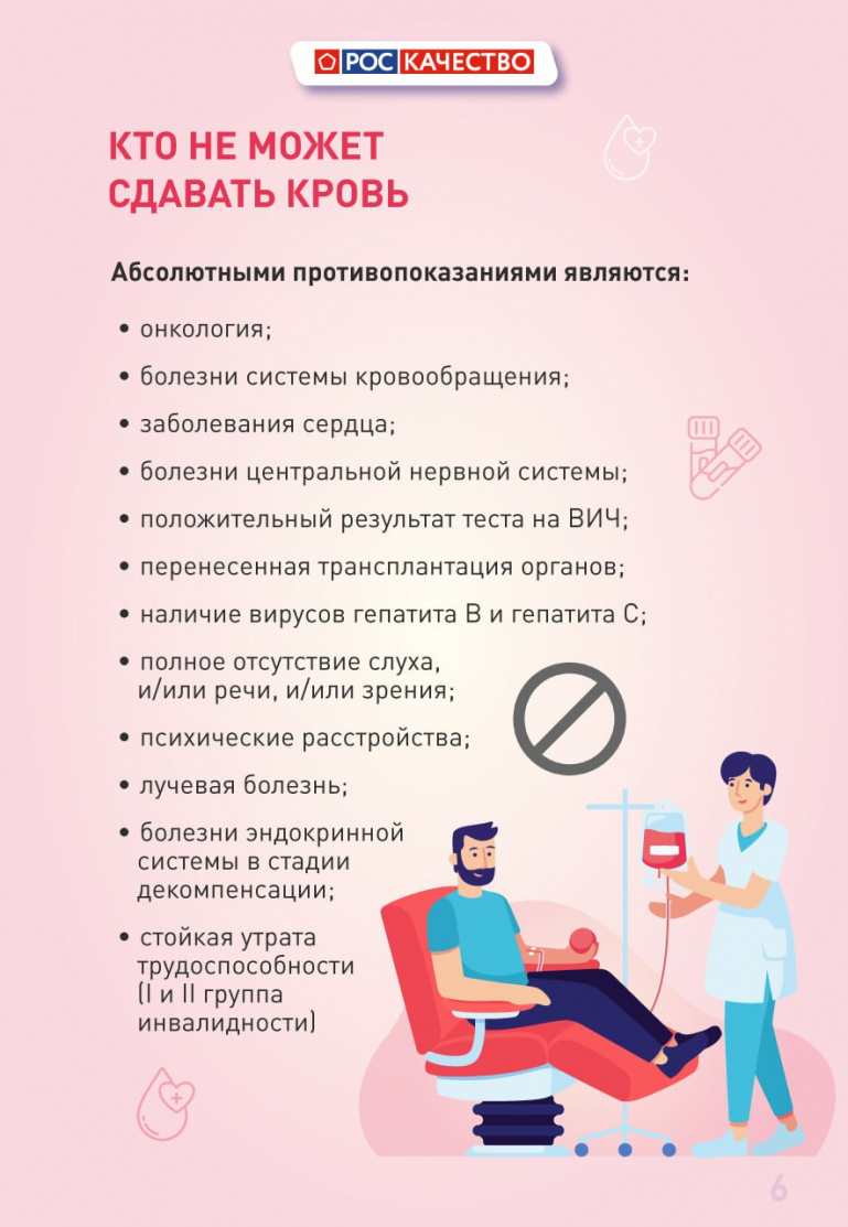Процедура сдачи крови запрещена тем, кто страдает лучевыми болезнями, онкологическими заболеваниями, болезнями системы кровообращения, сердца, центральной нервной системы, эндокринной системы в стадии декомпенсации, психическими расстройствами и так далее.
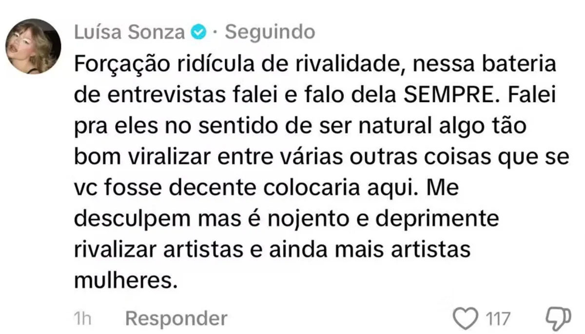 • Luisa Sonza furious at Anitta’s fan’s comment: ‘Disgusting’
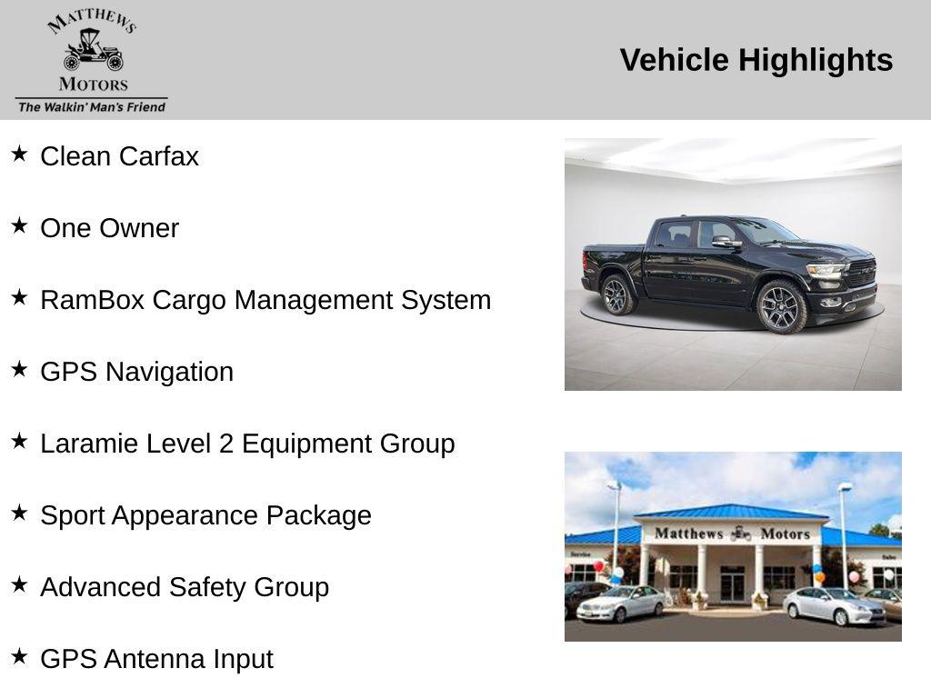 **Save time, Buy Online with Matthews Motors Express Point.Click.Buy**We have over 300 certified pre-owned vehicles, most come with a lifetime powertrain, engine and transmission warranty. There's a variety of reasons why our customers continue to return to our 4 conveniently located showrooms throughout North Carolina. Which are a few of the reasons we have been awarded CIADA Quality Dealer of The Year and the BBB Torch Award Winner. Here at Matthews Motors we're committed to providing the ultimate automotive dealership experience.Clean Carfax, One Owner, RamBox Cargo Management System, 3 Rear Seat Head Restraints, 4 Way Front Headrests, 8.4"" Touchscreen Display, Adaptive Cruise Control w/Stop & Go, Advanced Brake Assist, Advanced Safety Group, Apple CarPlay, Auto High Beam Headlamp Control, Black Interior Accents, Blind Spot & Cross Path Detection, Body Color Door Handles, Body Color Front Bumper, Body Color Rear Bumper w/Step Pads, Bucket Seats, Center Console Parts Module, Disassociated Touchscreen Display, Dome Dual LED Reading Lamp, Driver Seat Memory, Dual-Pane Panoramic Sunroof, Front Seat Back Map Pockets, Full Length Upgraded Floor Console, Full Speed Forward Collision Warning Plus, Fully automatic headlights, GPS Antenna Input, GPS Navigation, harman/kardon 19 Speaker Premium Sound, HD Radio, Heated Front Seats, Heated Second Row Seats, Heated Steering Wheel, Integrated Center Stack Radio, Lane Keep Assist, Laramie Level 2 Equipment Group, Leather Trimmed Bucket Seats, LED Dome/Reading Lamp, No Satellite Coverage w/HI/AK/PR/VI/GU, Parallel & Perp Park Assist w/Stop, ParkSense Front/Rear Park Assist w/Stop, ParkView Rear Back-Up Camera, Power 4-Way Driver Lumbar Adjust, Power 4-Way Passenger Lumbar Adjust, Power 8-Way Driver & Passenger Seats, Power Heated Fold-Away Mirrors, Radio: Uconnect 4C Nav w/8.4"" Display, Rain Sensitive Windshield Wipers, Rear 60/40 Folding Split Recline Seat, Rear Underseat Compartment Storage, Remote Tailgate Release, Single Disc Remote CD Player, SiriusXM Satellite Radio, SiriusXM Traffic Plus, SiriusXM Travel Link, Sport Appearance Package, Sport Performance Hood, Tailgate Ajar Warning Lamp, Ventilated Front Seats, Wheels: 20"" x 9"" Premium Painted w/Inserts, Wireless Charging Pad.Recent Arrival! Clean CARFAX.
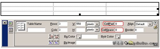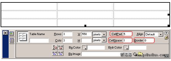2、在屬性面板中定義表格的Border為0,CellPad為5(這項可使單元格中的內容與單元格邊緣之間保持5個像素);CellSpace為1(此項使得單元格之間保持1個項素的間距)。如圖三;
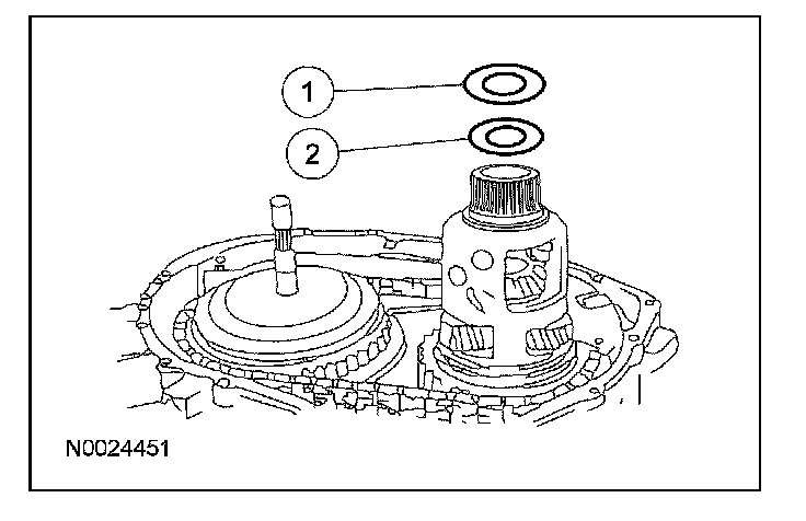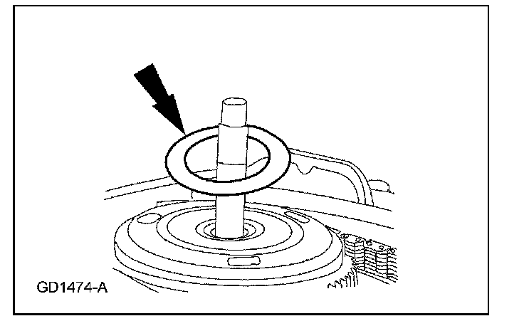 Remove the No. 10 driven sprocket thrust washer from the reverse/overdrive ring gear assembly.
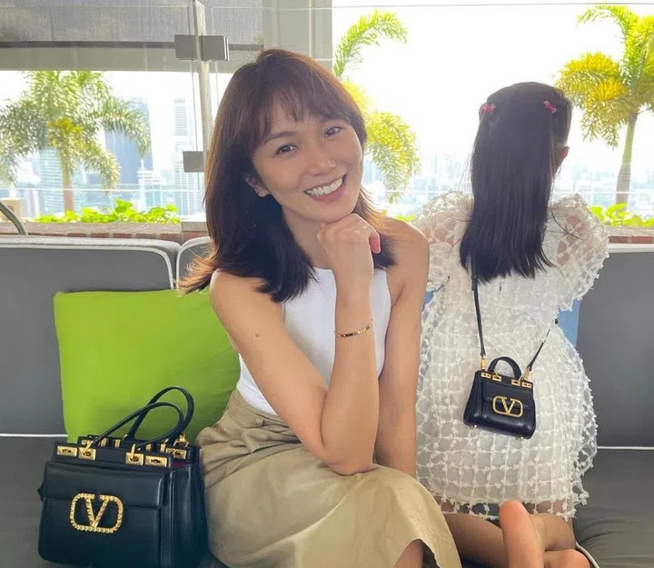 2021秋季不能错过的新款手袋,Valentino Garavani Rockstud Alcove手提包选用两种皮革缝制,缀有铆钉形设计的经典VLogo标志,搭配两旁的旋转锁扣,在保留品牌特色的同时,带来摩登风貌与个性。白薇秀和女儿分别以中号和迷你手袋入镜,特别可爱俏皮。
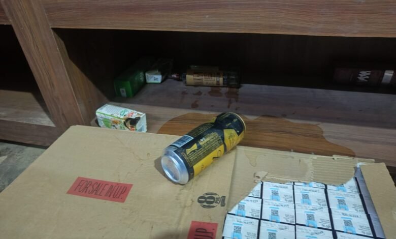 अंग्रेजी शराब की दुकान में चोरी व तोड़फोड़
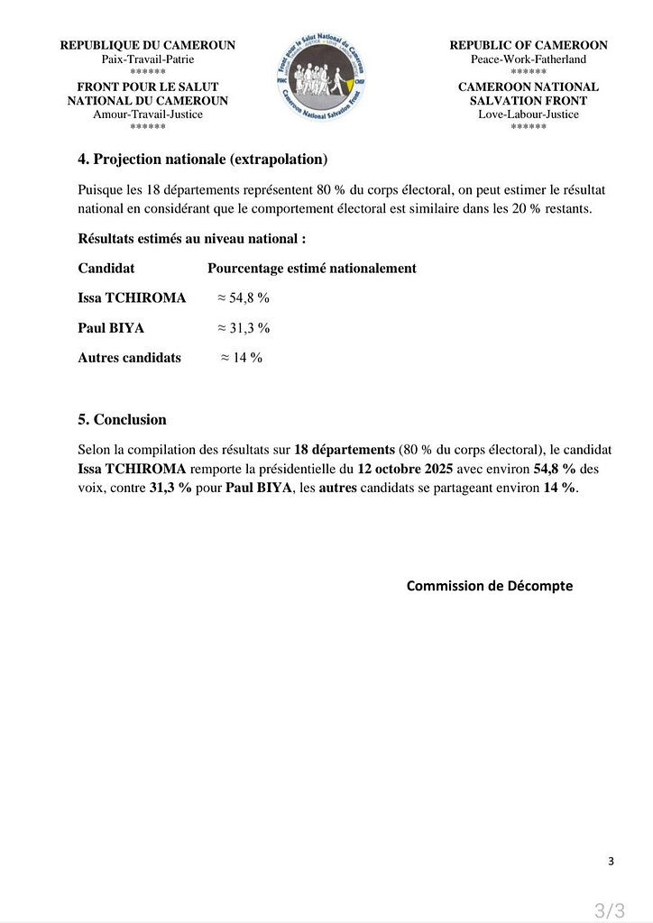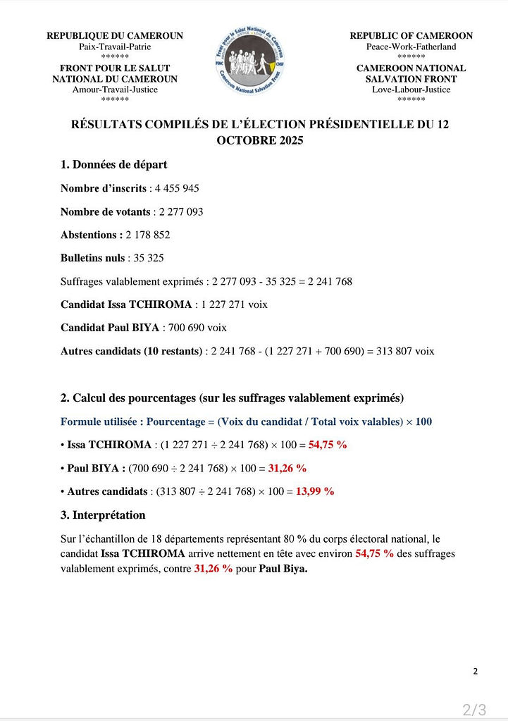 Sur l’échantillon de 18 départements représentant 80 % du corps électoral national, le candidat Issa TCHIROMA arrive nettement en tête avec environ 54,75 % des suffrages valablement exprimés, contre 31,26 % pour Paul Biya.
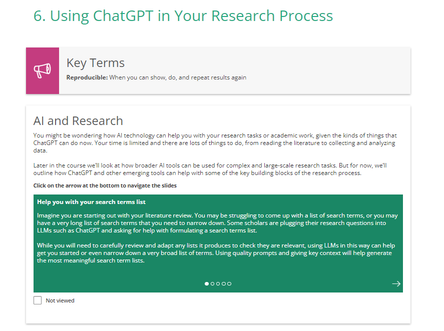 Add distinct content on ChatGPT and generative AI, rather than weave it in throughout the course. We felt adding two new topics in Module 1 would help learners discover this new content more easily and get learning right away.
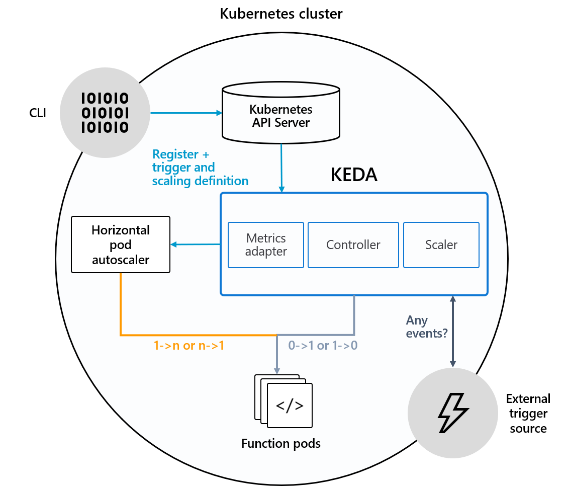 從這個架構圖,我們看到KEDA包含了3個組件,Metric Adapter給k8s的HPA提供度量指標讓其進行1-n/n-1的伸縮,Controller控制Pod進行1-0/0-1的伸縮,Scaler偵聽配置的觸發器所觸發的事件。
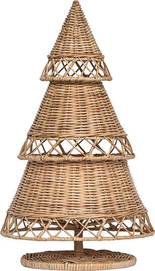 Perfectly sized to decorate tables, shelves and fireplace mantels, this handwoven-rattan tree is a chic interpretation of the evergreen original.
________________________
▶ Requirement
Copy out exactly, with no pictures, the lines of the data from the first one through the line bearing "fan’s comment: ‘Disgusting’".

▶ Written solution
Процедура сдачи крови запрещена тем, кто страдает лучевыми болезнями, онкологическими заболеваниями, болезнями системы кровообращения, сердца, центральной нервной системы, эндокринной системы в стадии декомпенсации, психическими расстройствами и так далее.
 • Luisa Sonza furious at Anitta’s fan’s comment: ‘Disgusting’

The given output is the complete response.